Known for their extreme hooks, tight and punky sensibilities, and boy/girl twee harmonies that were ever so prevalent in underground or "alternative" music for a short period of time, Lily Liver were the bee's knees of basement reared indie-pop in the Twin Cities.
Made up of bassist Rob Burkhardt, drummer Hallie Bowman, and singer/guitarist Missy Greer, the trio teamed up during their time at the University of Minnesota in the early '90s. As a college band they would dominate the local music scene, bringing their sound and spirit to the stage of the 7th St. Entry, Uptown Bar, and the legendary 24 Bar, where they would have to prove themselves among the wealth of more heavy punk or grunge acts in town. There was an overt seriousness to most of the sound of the Twin Cities music scene at the time, and Lily Liver somehow managed to eschew most of the bravado expected from the stage and used their spunk, sincerity, and sense of humor to distinguish themselves as one of the best bands of that era.
I got a hold of Missy Greer while she was unpacking boxes and pricing things for a garage sale she's having this weekend in South Minneapolis to prod her about her old band. "No I don't have any records. But do you need a hokey pokey sound machine? It's an ice cream truck that can play your records," she asks me, as I ask her about their "Queen of Ball" single that came out in 1994.
"The seven inch was recorded with...with Ryan, uh what the hell was his name? We got hooked up with him from the Hang Ups." Missy recalls. "They sort of pushed us out. For some reason they really liked us and nudged us along. And well, the Magnolias were like my idols."
Claiming to not be very accomplished, though coming from a musical family, Missy and Lily Liver would spend hours in the basement four nights a week initially coming up with their infectious songs.
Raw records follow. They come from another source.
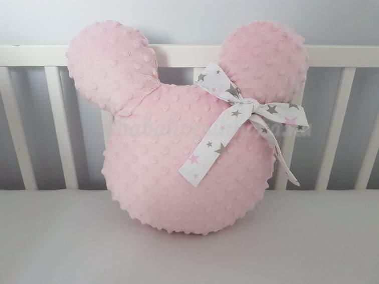 Handmade Mickey díszpárna minky wellsoft rózsaszín fehér masnival
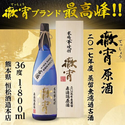 徹宵 無濾過原酒 36度 1800ml 2017年度蒸溜 古酒 てっしょう 1.8L 一升 限定 限定品 いも焼酎 熊本 新焼酎 季節限定 黄金千貫 黄麹 吟醸酵母
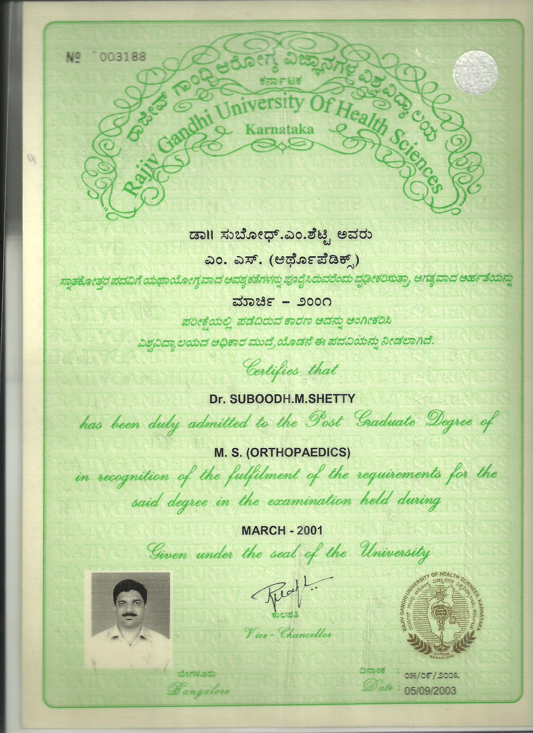 Dr. Shetty’s passion for excellence has driven him to become a highly accomplished orthopedic surgeon. He pursued further expertise by completing his Master’s in Orthopedic training at Jawaharlal Nehru Medical College (KLE University) and gained invaluable experience as a registrar under Prof. Shantaram Shetty at the Shantaram Shetty Institute of Orthopaedics and Traumatology (Mangalore).

Writing music together and working as a unit, they developed a call and response, intermingling vocal parts that elevated their lyrics which tended to be about relationships and a certain level of naivete about daily life.
"'Queen of the Ball' is about all of us in high school and how crappy people were," Greer explains. "Humor was a big part of Rob, Hallie, and my relationship. We were always joking about things. We went into this weird studio that had red walls, which is my favorite color. So the idea of having it on red vinyl was really exciting to me."
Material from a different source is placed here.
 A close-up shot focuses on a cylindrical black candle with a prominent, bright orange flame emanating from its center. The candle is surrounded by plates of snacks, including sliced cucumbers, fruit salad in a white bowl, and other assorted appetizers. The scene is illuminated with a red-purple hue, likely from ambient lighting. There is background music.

With hearts on their sleeves, the driving bounce from drummer Hallie Bowman and the crunching guitars and sweet vocals of Lily Liver inspired sing-alongs as much as they offered a personal reflection from Burkhardt and Greer, complete with tongue-in-cheek slacker-isms the band perfected.
"One of my favorite things to do was to write. When I went to college I wanted to be a writer and I had books and books of stuff I had written and the lyrics would come from that." While describing the b-side "Movie Star," Greer happens to pull out a picture of Audrey Hepburn from a box. "That's funny. Because that song was actually about her! I really wanted to be her."
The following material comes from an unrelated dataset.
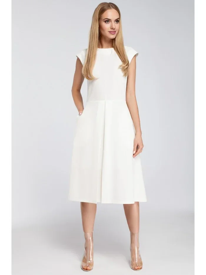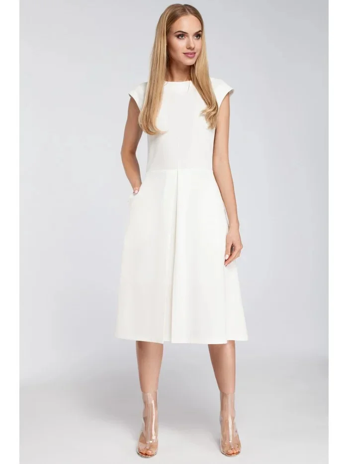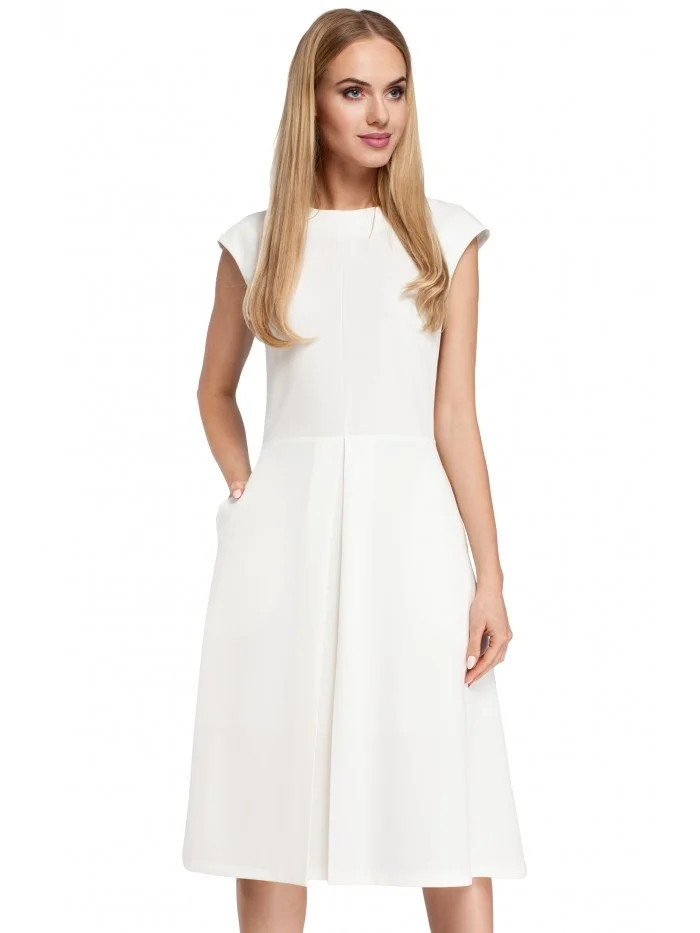 Šaty s záhyby ecru barva model 15102606 - Moe

"My Aunt plays in a blues band these days up in Duluth at coffee shops and she actually plays 'Movie Star' in her set. She jams it out on a piano," Greer says proudly. "The thing that was most beneficial to me was I was the shyest kid in the world. Playing in a band made me be social. It helped me with my career now and everything."
Eventually Burkhardt would switch to guitar and the band added bassist Dan Long, who brought new energy and started his own label to release Lily Liver's full length record, I've Got You right where You Want Me. But Greer struggled with chronic fatigue and muscle pain that, along with enduring wild times in Lily Liver and the passing of her younger brother, Scott, eventually made her bow out of life in a band in 1999 with the band's final gig opening for Bob Mould at First Avenue.
Working at the veterinary hospital at the University as a technician and teacher for nine years now, Missy stays in touch with her former band mates as much she can. "Hallie found the love of her life and started having children. Rob is married and has a daughter and still plays some music. Dan is out in Portland and visits from time to time."
While she still fools around with her guitar and looks fondly on her past, she talks with some hesitance about sparking things off again. "To this day I try to play music with other people and it just doesn't work. Lily Liver actually did try to play this winter and we all got together. I just couldn't do it. I'm just not that person anymore. Not that it was bad, I just have moved on."
We talked a bit more about garage sales and purging oneself of your possessions, all the stuff you accumulate and how freeing it can be to redistribute the things that don't matter to you much anymore. Digging through some old books, Missy unearths another part of her past that sends another flood of memories. "I actually found this book of my lyrics from back then mixed in with my journal. After looking at it I'd love to make it into a book."